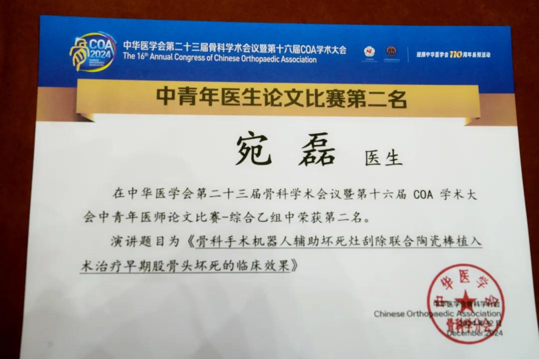 智能微創(chuàng)骨科(骨十)宛磊主任 在中青年醫(yī)生論文比賽-綜合乙組(二)會場進行參賽發(fā)言,最終以《骨科手術(shù)機器人輔助壞死灶刮除聯(lián)合陶瓷棒植入術(shù)治療早期股骨頭壞死的臨床效果 》為題獲得中青年論文比賽第二名。
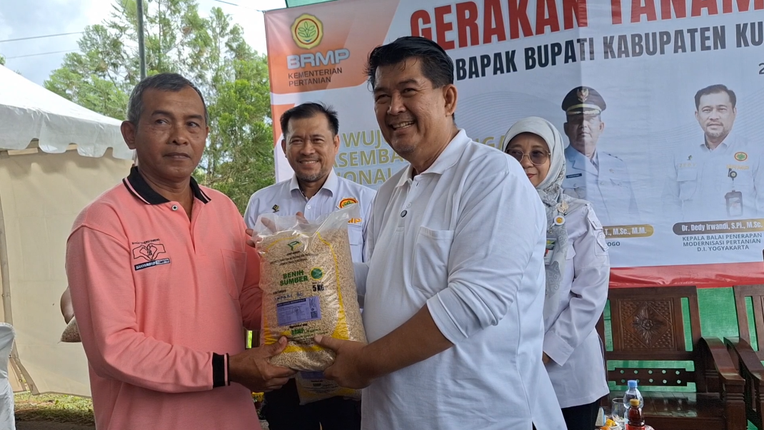 Dalam kegiatan tersebut, Balai Penerapan Modernisasi Pertanian (BRMP) DIY juga menyalurkan satu ton benih padi varietas Inpari 30 kepada dua kelompok tani setempat sebagai bentuk dukungan terhadap peningkatan produksi pertanian di Kulon Progo.
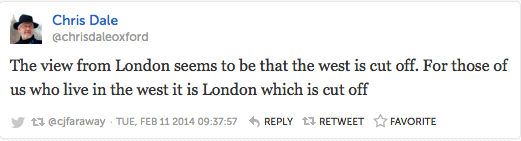Our journey home took a little over six hours, aided by 200 mph tailwinds. From snow and slush we moved to rain and rising floodwaters, with London more or less cut off from the West (note which way round I put that) by flooded railway lines.
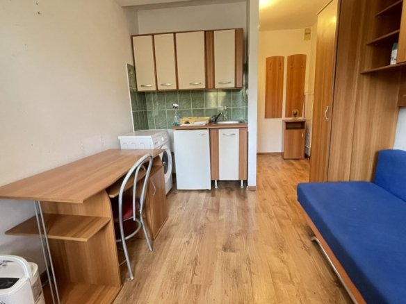 Zona de living/dormitor este amenajată cu canapea, comodă cu televizor și dulap generos pentru depozitare. Bucătăria este dotată cu chiuvetă, frigider și mașină de spălat, oferind toate facilitățile necesare. Baia este proprie și dispune de duș, chiuvetă și toaletă.
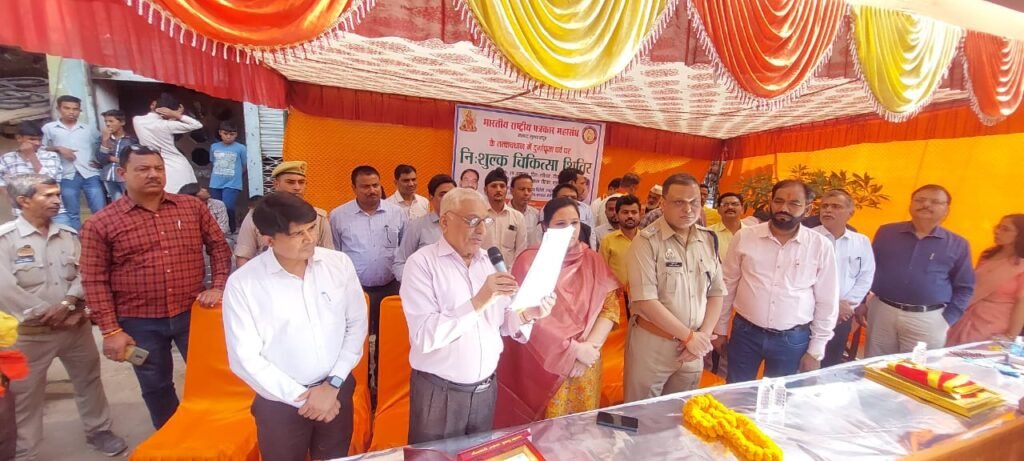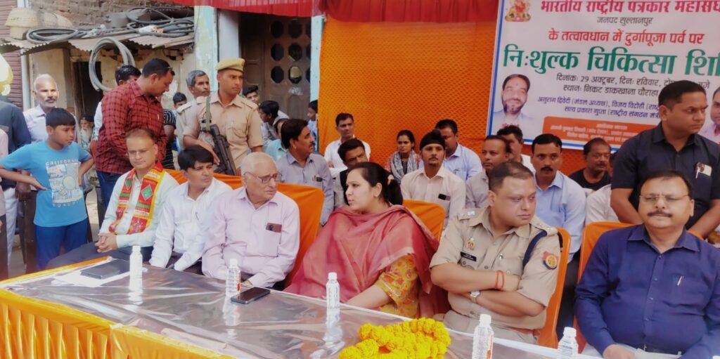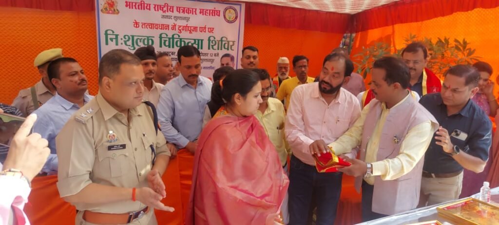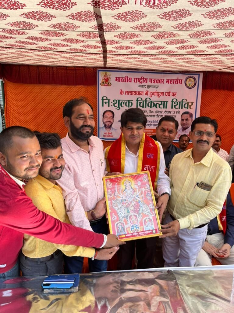 एसपी सोमेन बर्मा ने कहा कि “यह मेरा सौभाग्य है कि दूसरी वर्ष की दुर्गा पूजा में रहने का अवसर मिला है।यहां के पत्रकार बंधुओं का सदैव सहयोग मिलता है।” सीएमओ,सीएमएस व डा रवि त्रिपाठी ने संक्रमण रोगों के प्रति जागरूक किया।सैकड़ों मरीजों को निःशुल्क इलाज व दवाएं वितरित की गई। शिविर का आयोजन विसर्जन के दिन राष्ट्रीय चिकित्सा प्रभारी डा.अशोक मिश्र,सत्यप्रकाश गुप्ता,मंडल अध्यक्ष अनुराग द्विवेदी ,जिला संयोजक नरेंद्र द्विवेदी के नेतृत्व में हुआ। जिसमे मुख्य चिकित्साधिकारी डॉ.ओपी चौधरी,सीएमएस डॉ. एस.के गोयल,जिला सूचना अधिकारी डॉ.धीरेंद्र यादव,वरिष्ठ नेत्र सर्जन डॉ रवि त्रिपाठी, डॉ.आस्था त्रिपाठी, डॉ.आभा सिंह डॉ.शैलेंद्र त्रिपाठी,वरुण मिश्रा,बार सचिव आर्तमणिमिश्रा सपत्नीक,अभिषेक सिंह,अरुण द्विवेदी,अरुण सिंह,दिनेश मिश्रा रहे मौजूद।
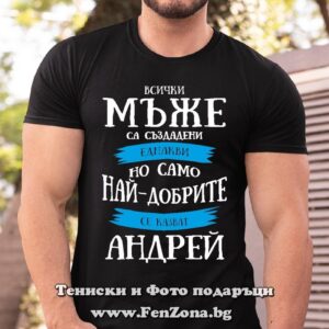 Мъжка тениска с надпис Само най-добрите мъже се казват Андрей
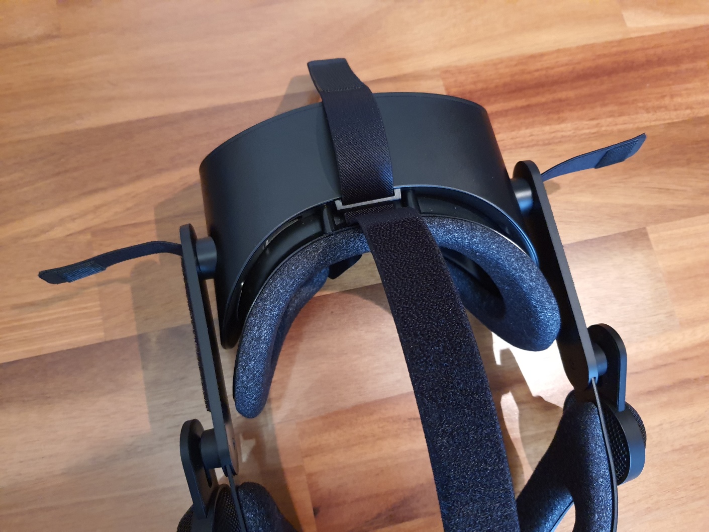 Una volta aperta la scatola dell’HP Reverb G2, ci troveremo davanti subito il visore, all’interno di un sacchetto di simil-tessuto. La prima impressione appena preso in mano è quella di un prodotto leggero e dalle ottime finiture. Per indossarlo basta aprire i tre fissaggi in velcro (due laterali e la fascia superiore) ed adattarli alla propria testa, un po’ come avviene per l’Oculus Rift CV1 e l’Oculus Quest 1. L’interfaccia che andrà a contatto con il nostro volto è di un tessuto molto morbido (come quello del Valve Index) ed un cuscino dello stesso materiale è presente nella parte posteriore. Il visore pesa un po’ di più sia del Quest 1 che del Quest 2, ma i materiali utilizzati uniti ad un perfetto bilanciamento dei pesi lo rendono in assoluto il visore più comodo che io abbia mai indossato. Forse chi preferisce l’halo design continuerà a trovarsi meglio con il PSVR o con il Rift S; personalmente ritengo che la presenza dei tre velcri, unita al fatto che il cinturino può ruotare attorno ai perni di attacco al visore, permetta di regolare ed adattare meglio il comfort alla propria testa. Lo strap inoltre può ruotare di quasi 90° verso l’alto, rendendo immediato l’indossaggio.
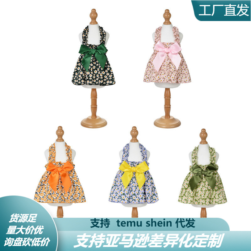 Gaun tali bahu berkerut motif bunga musim semi dan panas terlaris, gaun putri katun murni, pakaian hewan peliharaan, pakaian anjing elastis, gaun feminin.
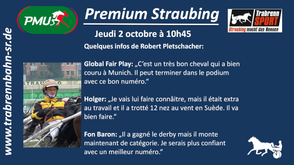 Ici le premier vainqueur de Derby: Fon Baron (Robert Pletschacher), récent lauréat du Derby tchèque à Prague, qui a offert à son driver le plus grand succès de sa carrière. Le niveau en Allemagne est un peu au-dessus, mais Fon Baron avait déjà montré de belles choses à Baden en finissant fort. Attention à Aconcagua (Rudi Haller), en pleine progression. Pour vos combinaisons étendues, pensez à Unfinished Business (Christoph Fischer), Lennarth (Vitus Schwaiger), Joceline BR (Gerhard Mayr), Jerry Box (Ferdinand Veit) et Speedy Ela Su (Marisa Bock).
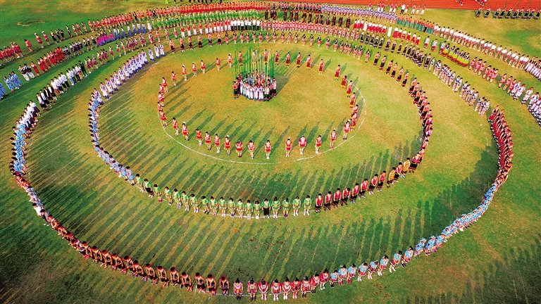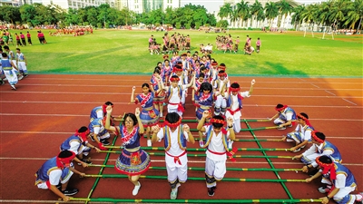 4月9日下午,海南华侨中学高中部操场,约1500名师生手拉手围成圈,集体欢跳竹竿舞,现场场面宏大,令人震撼。竹竿舞是海南传统体育、娱乐项目,深受百姓欢迎。当天举行的“千人竹竿舞”是该校在第33届传统文化节开幕前所进行的一次集体舞表演,旨在积极响应国家倡导中国传统文化进校园的号召,丰富校园文化生活,继承和发扬优秀的传统文化。本报记者 张茂 摄
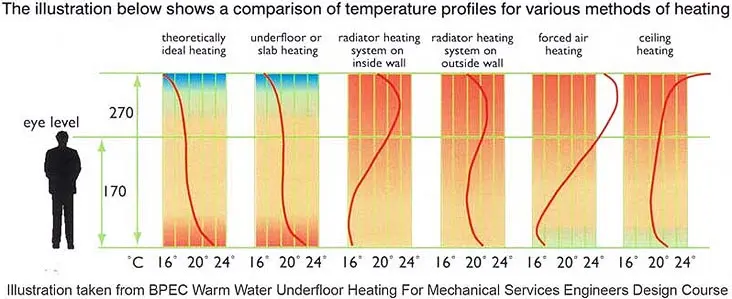 Cleaning floors is easier and wet floors dry much quickerHot air rises, which is why heating from the ground up is the most sensible and efficient method of heating compared to conventional radiator systems, underfloor heating is silent.
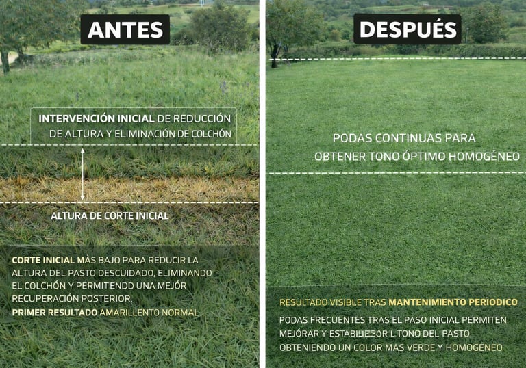 Corte y mantenimiento de césped para mantener el prado limpio, nivelado, saludable y con excelente presentación.
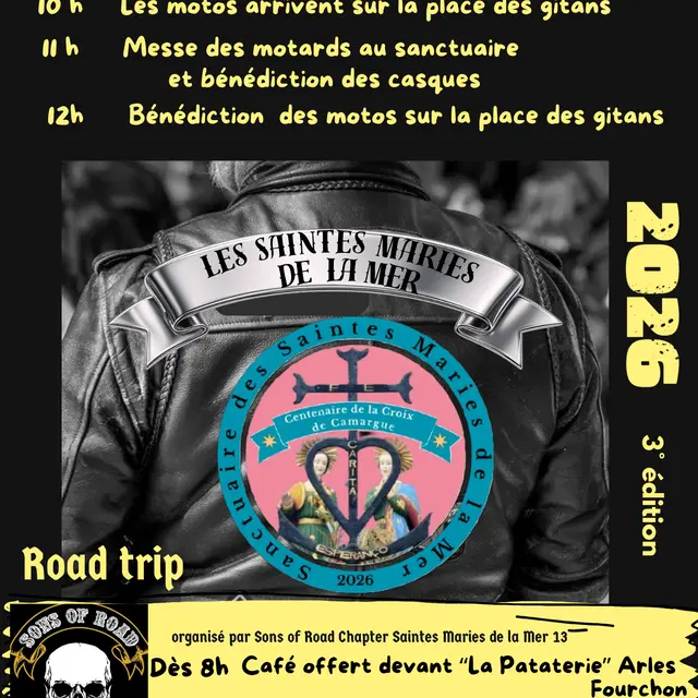 Les participants seront accueillis autour d’un café offert devant la Pataterie, afin de partager un moment chaleureux avant de prendre la route. Une fois le groupe rassemblé, le convoi s’élancera en direction des Saintes-Maries-de-la-Mer, pour une journée placée sous le signe de la passion de la moto, de la découverte et du pélerinage.
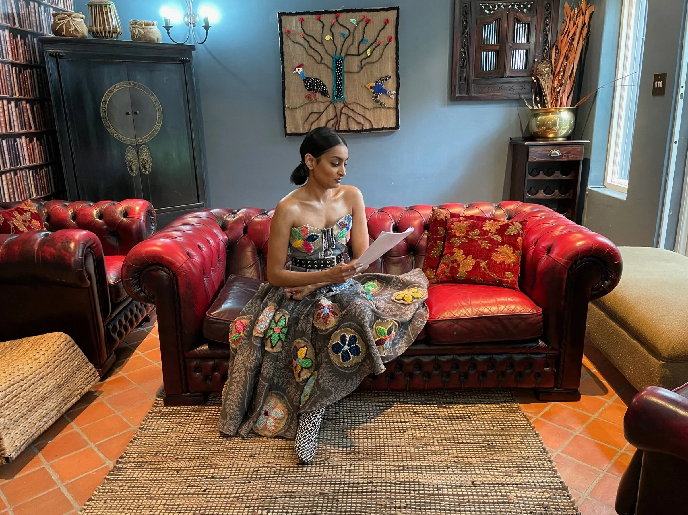 Sustainable fashion designer Shamyra Moodley prepping for an interview - one of the most inspiring women I have ever met, February 2022. Shot in location in her colourful home in Cape Town.
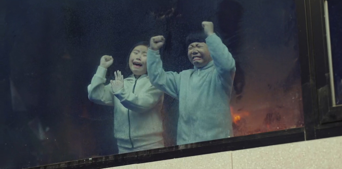여러차례 아이들을 불 속에서 꺼내준다.
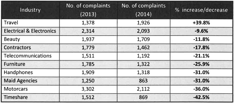 Despite the number of high-profile cases involving the Consumers Association of Singapore (CASE) last year (particularly errant vendors in People’s Park Complex and Sim Lim Square), the agency revealed today that there was actually a significant drop in the number of complaints filed over 2014.
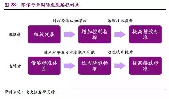 以美國為首的發(fā)達國家的環(huán)保意識隨著工業(yè)的大力發(fā)展率先覺醒,開始針對工業(yè)污染物制定相關標準。隨著對污染物的認知上升,行業(yè)標準趨于嚴格,技術規(guī)范性也逐步提高。到二十世紀90年代,發(fā)達國家的探路者之旅已經(jīng)基本形成。以中國為代表的發(fā)展中國家雖然在環(huán)保行業(yè)起步較晚,但卻有一整套行業(yè)標準和技術規(guī)范可以借鑒,扮演著追隨者的角色。

TASK ITEM.
The line containing "Zona de living/dormitor" marks the end: copy exactly every line from the start of the records up to and including it, leaving out the pictures.

RESPONSE FOR THIS EXERCISE.
 智能微創(chuàng)骨科(骨十)宛磊主任 在中青年醫(yī)生論文比賽-綜合乙組(二)會場進行參賽發(fā)言,最終以《骨科手術(shù)機器人輔助壞死灶刮除聯(lián)合陶瓷棒植入術(shù)治療早期股骨頭壞死的臨床效果 》為題獲得中青年論文比賽第二名。
 Dalam kegiatan tersebut, Balai Penerapan Modernisasi Pertanian (BRMP) DIY juga menyalurkan satu ton benih padi varietas Inpari 30 kepada dua kelompok tani setempat sebagai bentuk dukungan terhadap peningkatan produksi pertanian di Kulon Progo.
Our journey home took a little over six hours, aided by 200 mph tailwinds. From snow and slush we moved to rain and rising floodwaters, with London more or less cut off from the West (note which way round I put that) by flooded railway lines.
 Zona de living/dormitor este amenajată cu canapea, comodă cu televizor și dulap generos pentru depozitare. Bucătăria este dotată cu chiuvetă, frigider și mașină de spălat, oferind toate facilitățile necesare. Baia este proprie și dispune de duș, chiuvetă și toaletă.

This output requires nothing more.